__MATERIAL SUPPLIED__
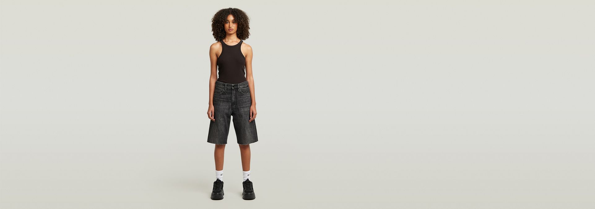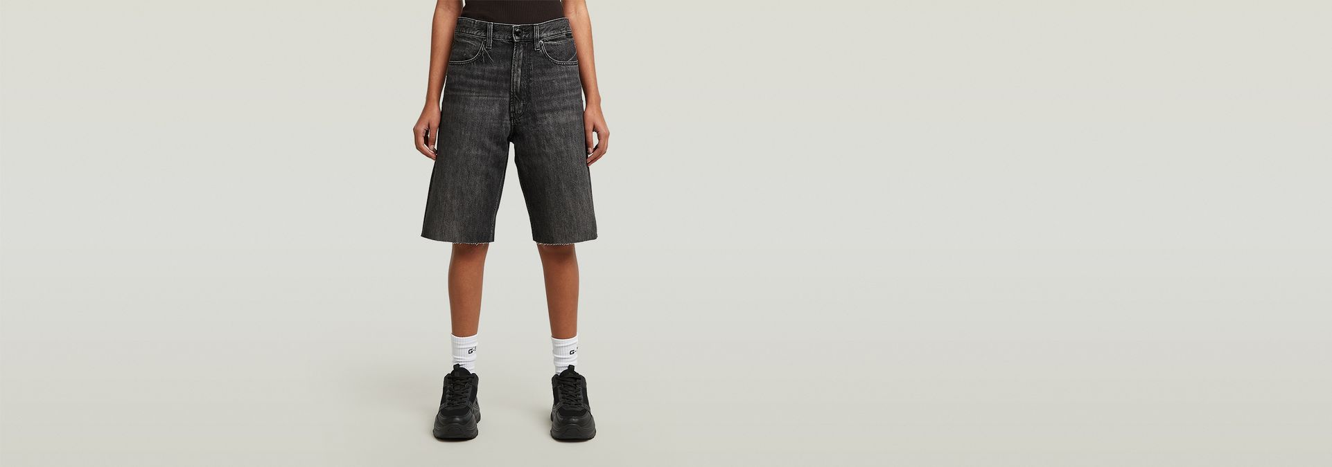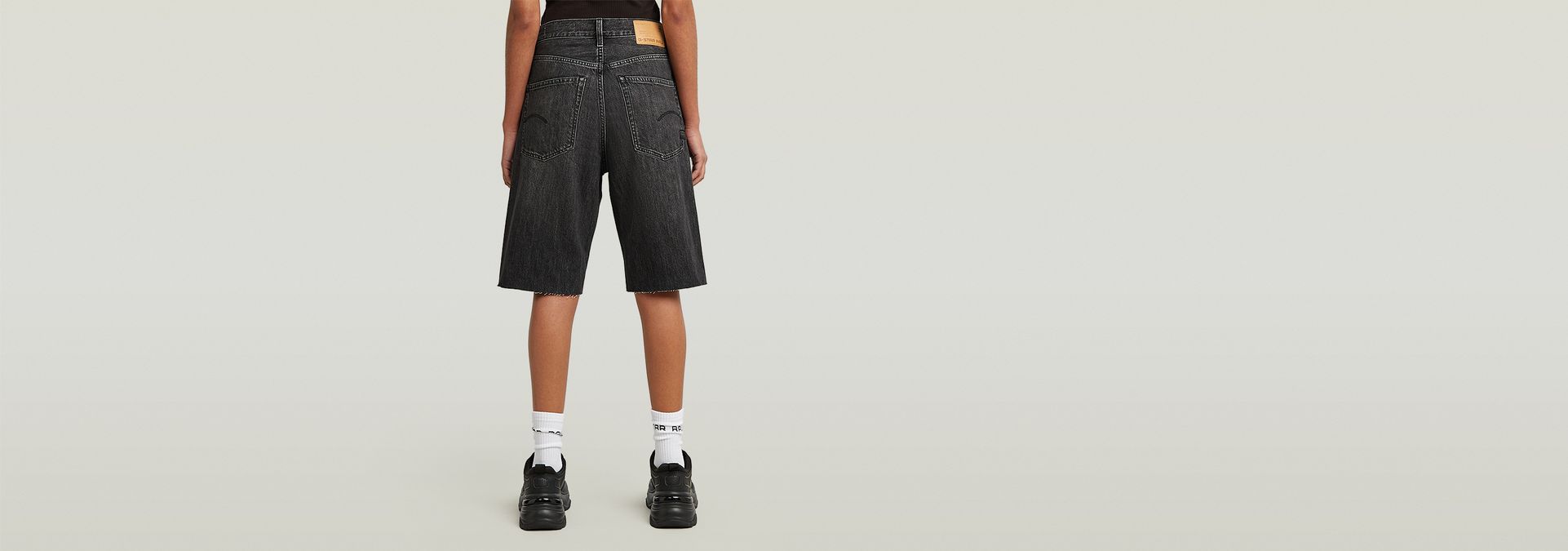 Los shorts denim Type 96 tienen un corte recto que ofrece un ajuste holgado en la cadera y en los muslos, y continúan con una pernera recta y amplia.
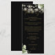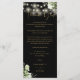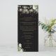 Um cartão de agradecimento de recepção de casamento com luzes de corda de folhagem floral preta e dourada elegante. Personalizado com sua mensagem especial de agradecimento em tipografia elegante. Um agradecimento único para seus convidados. Concebido por Thisisnotme©
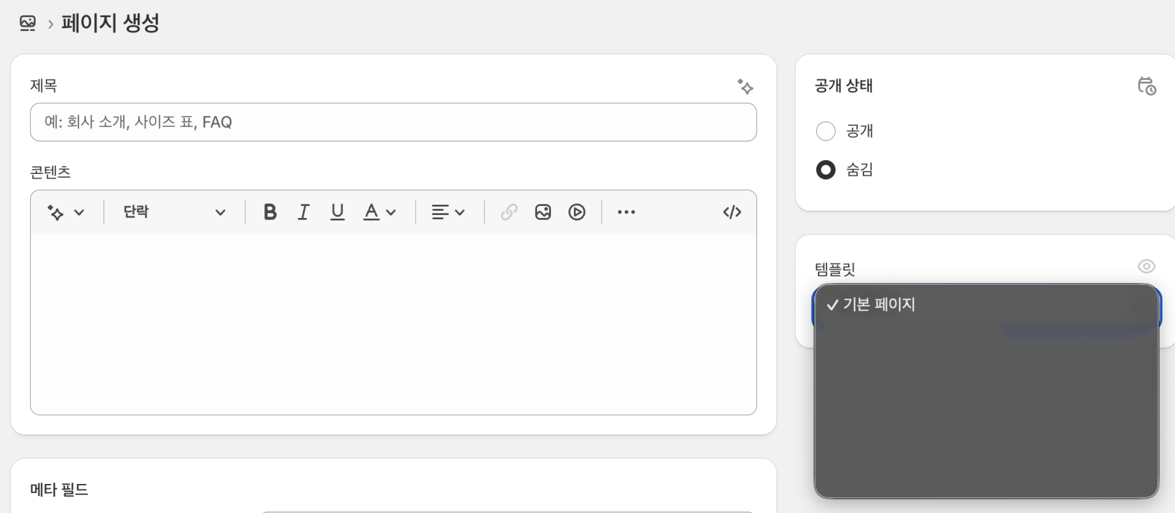 제목은 페이지 제목이 된다. 그리고 그게 URL로도 연결된다. 공개 상태는 공개로 두고, 콘텐츠는 안에 들어갈 내용을 적으면 되는데 에디터로 스태틱하게 적는 것보다는 보통 템플릿을 연결한다.
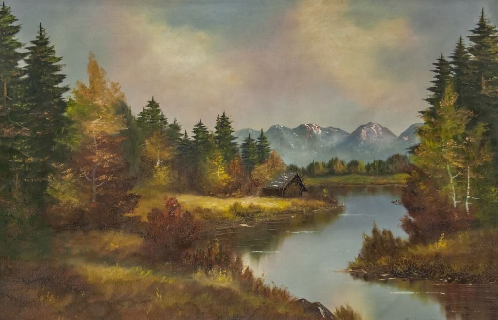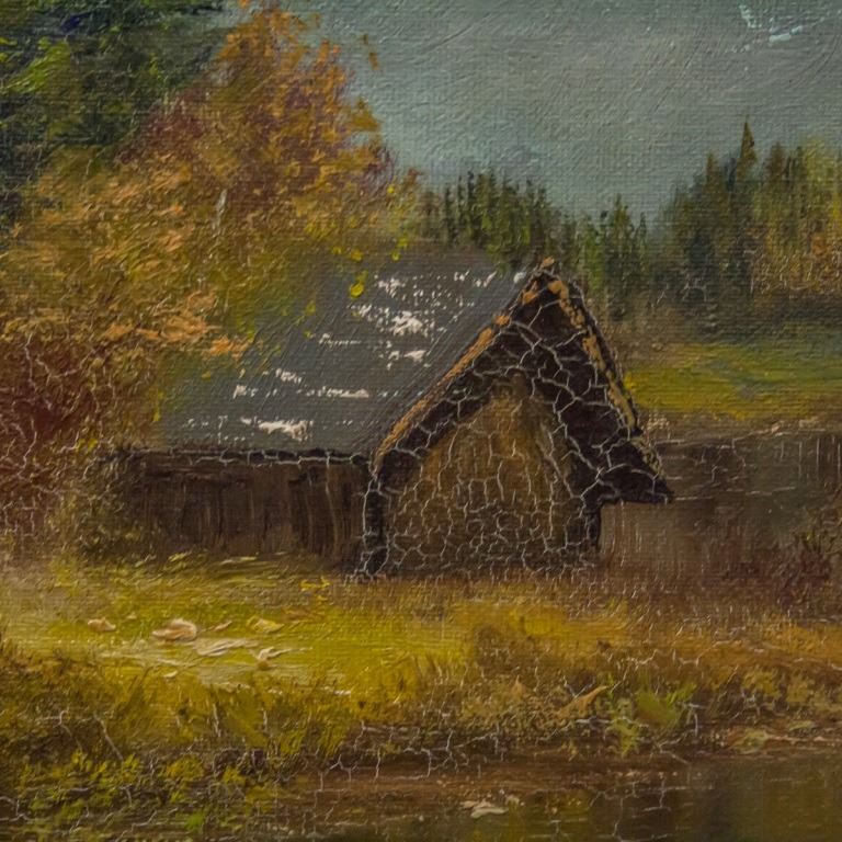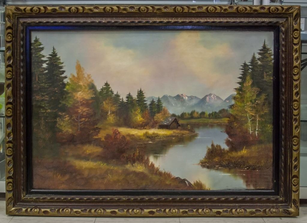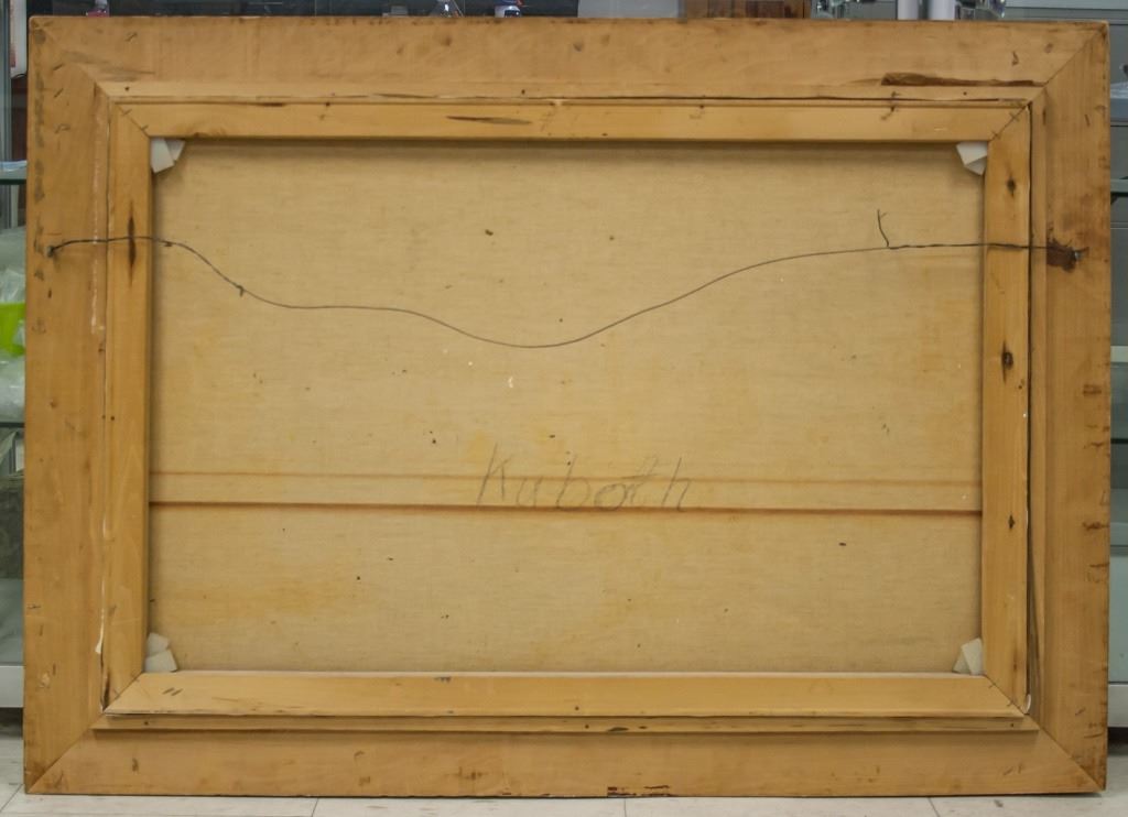 Oil on canvas, framed. Featuring landscape scene. Signed "Kuboth" to the bottom right, same inscribed on verso. Attributed to J. Kuboth (1900-unknown). Canvas size: 59 x 90 cm (23.3 x 35.5 inches). Frame size: 77 x 108 cm (30.3 x 42.5 inches).
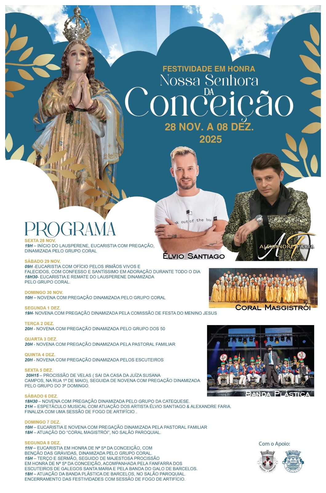Galegos São Martinho faz festa à Senhora da Conceição, Galegos São Martinho volta a cumprir a tradição de fazer festa a Nossa Senhora da Conceição, no próximo fim de semana. Destaque na sexta-feira para a procissão de velas às 20h15. Sábado, às 21h00, começa o espetáculo musical com atuação de Élvio Santiago e Alexandre Faria. No domingo, às 18h00, começa atuação do Coral Magistrói, no Salão Paroquial e, segunda-feira, atenções para a missa às 11h00 com bênção das grávidas. Às 15h00, inicia o terço e sermão, seguido de procissão acompanhada pela Fanfarra dos Escuteiros de Galegos Santa Maria e Banda do Galo. No final, atua a Banda Plástica, no Salão Paroquial.
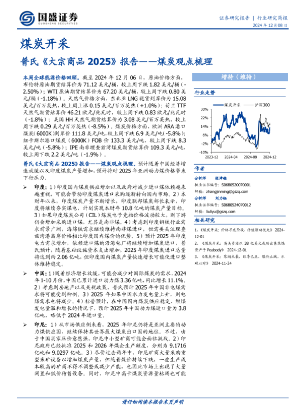 【国盛证券】【20241208】煤炭开采行业煤炭观点梳理:普氏《大宗商品2025》报告-12页 行业研究
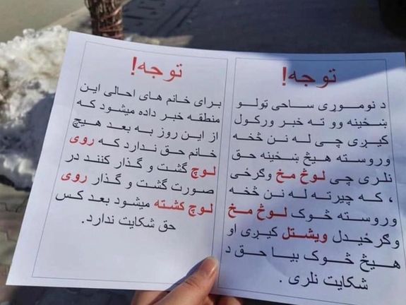 شماری از شهروندان و شاهدان عینی از مناطق مختلف کابل عکسهایی از اطلاعیههای تهدیدآمیز خطاب به زنان، به افغانستان اینترنشنال فرستادهاند. در این اطلاعیهها که مرجع توزیعکننده آن مشخص نیست، زنانی که با چهرههای عریان و بدون نقاب در شهر گشت و گذار میکنند، تهدید به مرگ شدهاند.
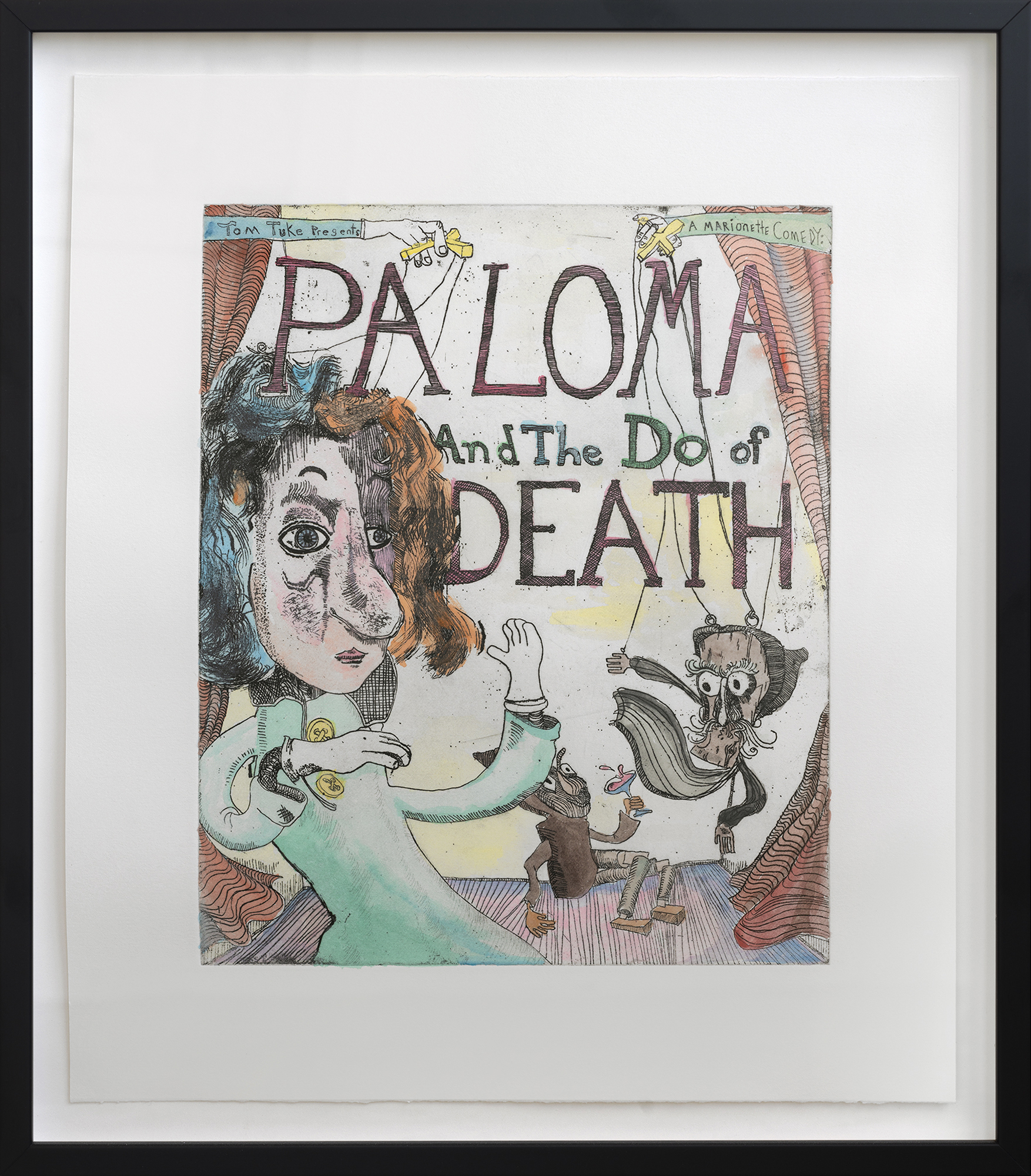 Coastal Signs is pleased to help our friend Tom Tuke fundraise for his upcoming Masters at the University of Connecticut’s Puppet Arts programme. Paloma and the Do of Death is an etching of the poster for Tuke’s well-loved marionette show. Let the magic live on!

__PROBLEM STATEMENT__
Set down again, exactly, every line above from the one with "Um cartão de" down to the one with "제목은 페이지 제목이", both ends included. No pictures, and nothing else.

__RESULT FOR THIS TASK__
 Um cartão de agradecimento de recepção de casamento com luzes de corda de folhagem floral preta e dourada elegante. Personalizado com sua mensagem especial de agradecimento em tipografia elegante. Um agradecimento único para seus convidados. Concebido por Thisisnotme©
 제목은 페이지 제목이 된다. 그리고 그게 URL로도 연결된다. 공개 상태는 공개로 두고, 콘텐츠는 안에 들어갈 내용을 적으면 되는데 에디터로 스태틱하게 적는 것보다는 보통 템플릿을 연결한다.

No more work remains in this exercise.